Venue: Karnataka Institute of
Endocrinology and Research (KIER), Bengaluru
Blue Circle Diabetes Foundation, India’s largest
patient-led diabetes organisation and a registered non-profit in collaboration
with Karnataka Institute of Endocrinology and Research (KIER), organised Care for Vision: Retinal Health in Diabetes,
a multi-stakeholder workshop focused on raising awareness, encouraging early
detection, and improving management of diabetic eye complications. The event
brought together people with lived experience of diabetes, leading
ophthalmologists, physicians, public health experts, and government
representatives under one roof.
Key highlights from the
event:
●
Unique, interactive multilingual workshop conducted in
Kannada & English with a panel featuring ophthalmologists, vitroretinal
specialists, endocrinologists & people living with diabetes.
● Early detection &
management: Speakers discussed how high glucose increases risk for retinopathy
and highlighted the need for regular eye screening and glycemic control.

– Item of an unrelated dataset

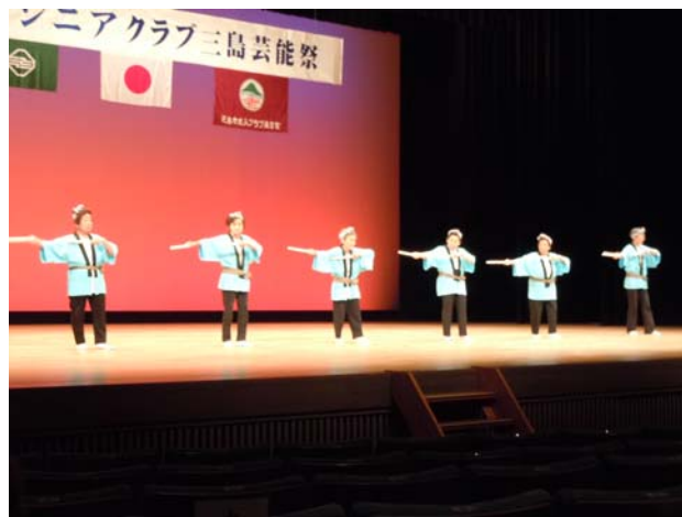
【第52回（昨年度）シニアクラブ芸能祭の様子】

平成29年度 25クラブ 40団体 327人 平成28年度 24クラブ 36団体 311人 平成27年度 23クラブ 35団体 320人

Shakeer, a patient advocate, shared his lived experience of retinopathy.
● Advances & access: The
panel also explored diagnostics like OCT, intravitreal injections, green laser
treatment, and therapies that can stabilise or reverse damage when combined
with timely care and affordability as highlighted by Dr Dinesh (Associate Prof,
Dept of Vitro Retina, KIER), Dr Thirumalesh (Senior Consultant, Narayana
Nethralaya) & others.
● Call for
advocacy: All panelists agreed on the urgent need for greater awareness and
stronger advocacy by patient organisations to complement medical efforts and
ensure wider impact.
Although unable to attend in person, Dr. Chandrika,
Deputy Director for Family Welfare, Department of Health, shared her support.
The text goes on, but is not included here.